WHAT TO DO -
Every line from the first one in the data below through the line holding "Se abrirá una" is to be written out exactly, with the pictures omitted.

(Records drawn from a dataset)
|---|
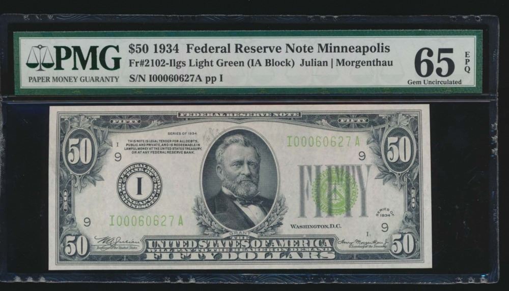 One 1934 $50 Minneapolis Federal Reserve Note PMG 65EPQ.
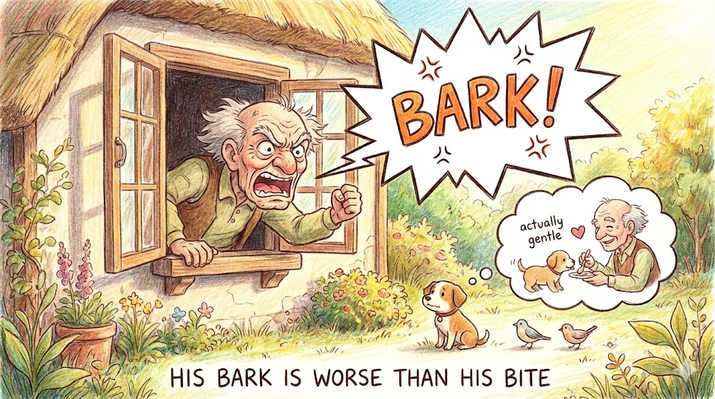 엄청나게 짖어대는 개가 실제로는 물지 않는 경우가 많다는 데서 유래했습니다. 겉으로는 소리를 지르고 화를 내서 무서워 보이지만, 실제 행동(Bite)은 그만큼 가혹하지 않거나 마음이 약한 사람을 묘사할 때 씁니다. 호랑이 선생님이나 츤데레 같은 성격을 설명할 때 딱입니다.
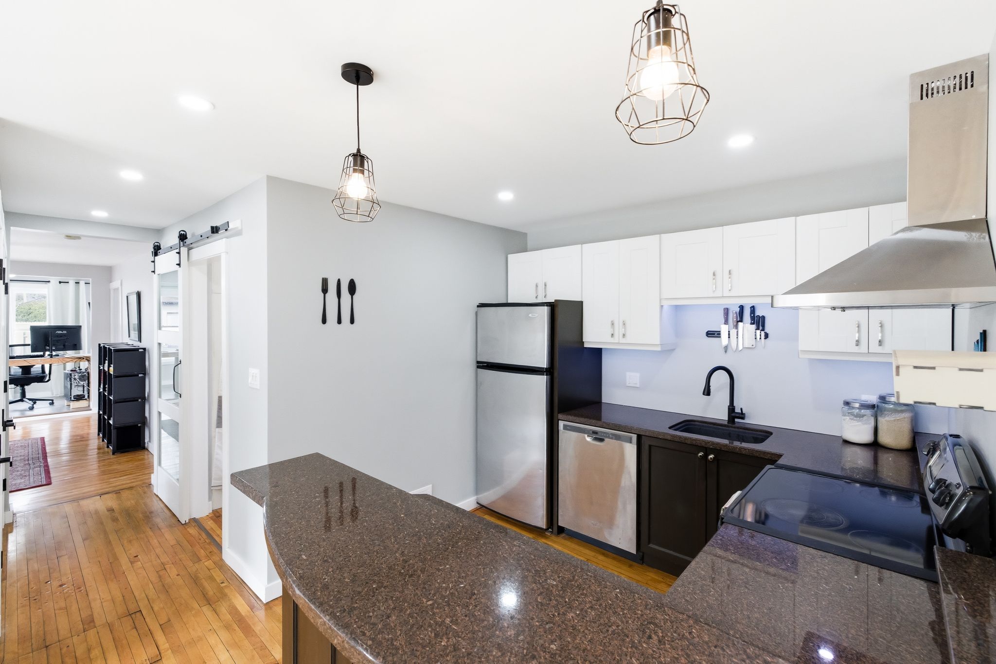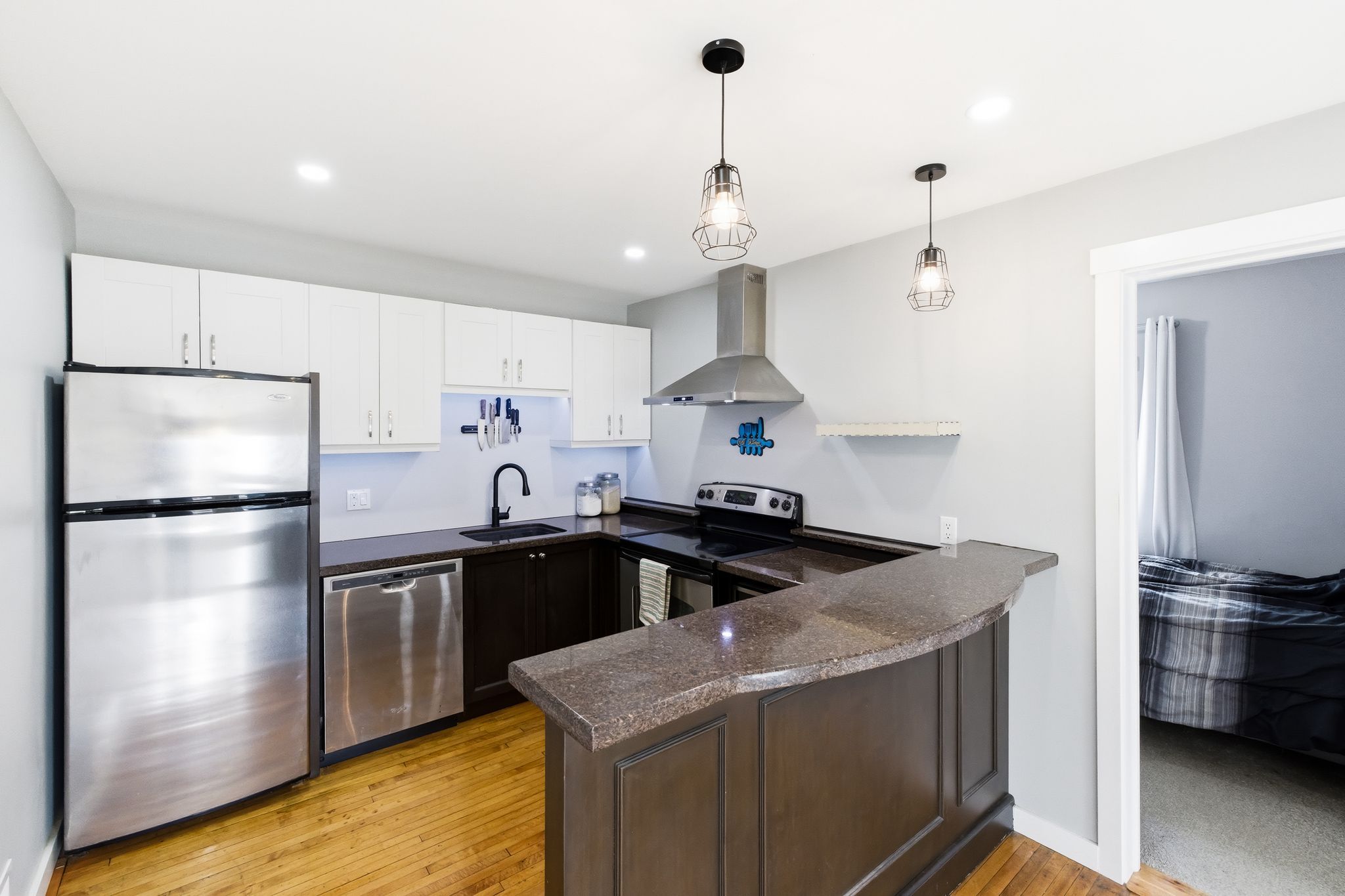 • Functional kitchen with stainless steel appliances and granite counters.
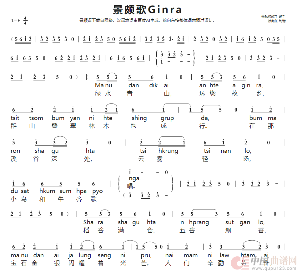 《景颇歌Ginra(徐向东整理景汉双语歌词)》文本歌词
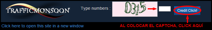 Se abrirá una ventana con publicidad (no es necesario verla, pueden entretenerse con otra página mientras tanto) igual como si estuvieran viendo anuncios del autosurf pero a diferencia el tiempo que tarda en visualizarlos depende del valor del anuncio, luego al terminar los segundos colocan un captcha y le dan en donde dice “Credit Click!”:
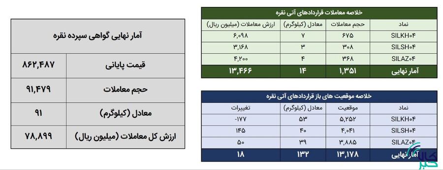 همچنین یک هزار و ۳۵۱ قرارداد آتی معادل ۱۴ کیلوگرم شمش نقره به ارزش ۱.۳ میلیارد تومان منعقد شد. در پایان روز معاملاتی گذشته موقعیت های باز قراردادهای آتی نقره معادل ۱۳۲ کیلوگرم شمش نقره بود.
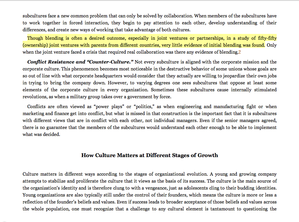 “In a study of fifty-fifty (ownership) joint ventures with parents from different countries, very little evidence of initial blending was found. . . .
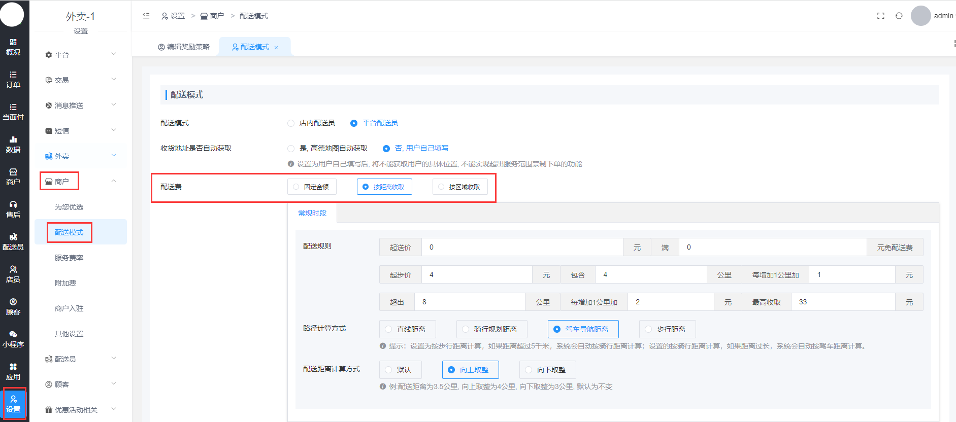 设置-商户-配送模式,可以批量设置收取顾客的配送费
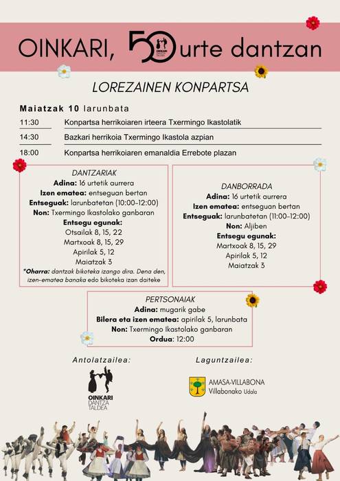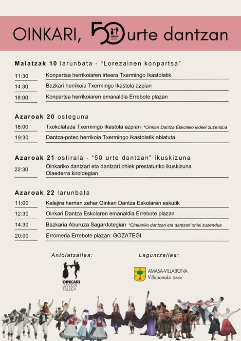 Oinkari dantza taldeak 50 urte beteko ditu azaroan eta urtemuga ospatzeko hainbat ekitaldi egingo ditu azaroaren 20tik 22ra. Horren aurretik, ordea, maiatzaren 10ean, Lorezainen konpartsa aterako dute. Otsailean hasiko dituzte konpartsa prestatzeko entseguak.
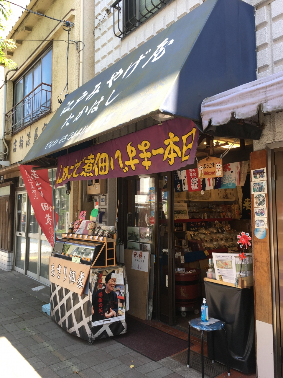 東京メトロ半蔵門線清澄白河駅から歩いてもすぐの深川江戸資料館通りにあります。小さなお店で、アサリなどの佃煮をメインに販売していますが、手ぬぐいなど江戸を感じるお土産物が店内にたくさん陳列されていました。
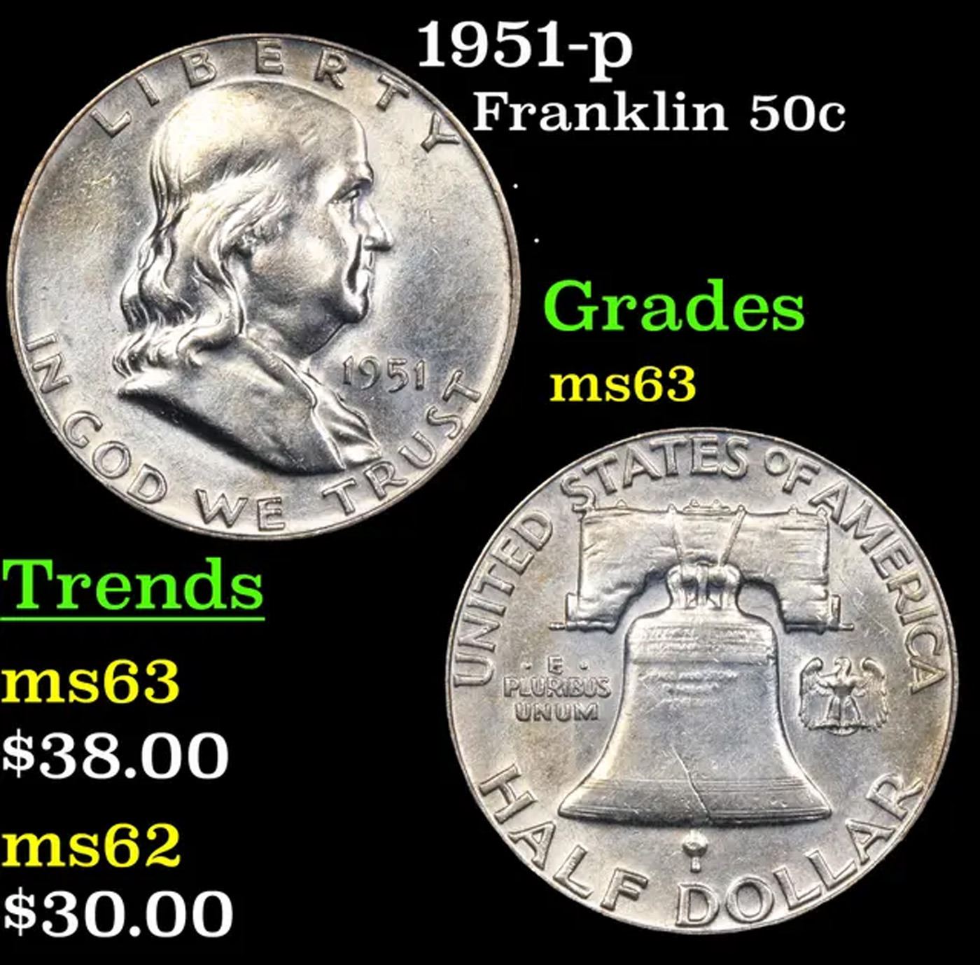1951-p Franklin Half Dollar 50c Grades Select Unc.
|---|
ANSWER BELOW -
 One 1934 $50 Minneapolis Federal Reserve Note PMG 65EPQ.
 엄청나게 짖어대는 개가 실제로는 물지 않는 경우가 많다는 데서 유래했습니다. 겉으로는 소리를 지르고 화를 내서 무서워 보이지만, 실제 행동(Bite)은 그만큼 가혹하지 않거나 마음이 약한 사람을 묘사할 때 씁니다. 호랑이 선생님이나 츤데레 같은 성격을 설명할 때 딱입니다.
 • Functional kitchen with stainless steel appliances and granite counters.
 《景颇歌Ginra(徐向东整理景汉双语歌词)》文本歌词
 Se abrirá una ventana con publicidad (no es necesario verla, pueden entretenerse con otra página mientras tanto) igual como si estuvieran viendo anuncios del autosurf pero a diferencia el tiempo que tarda en visualizarlos depende del valor del anuncio, luego al terminar los segundos colocan un captcha y le dan en donde dice “Credit Click!”:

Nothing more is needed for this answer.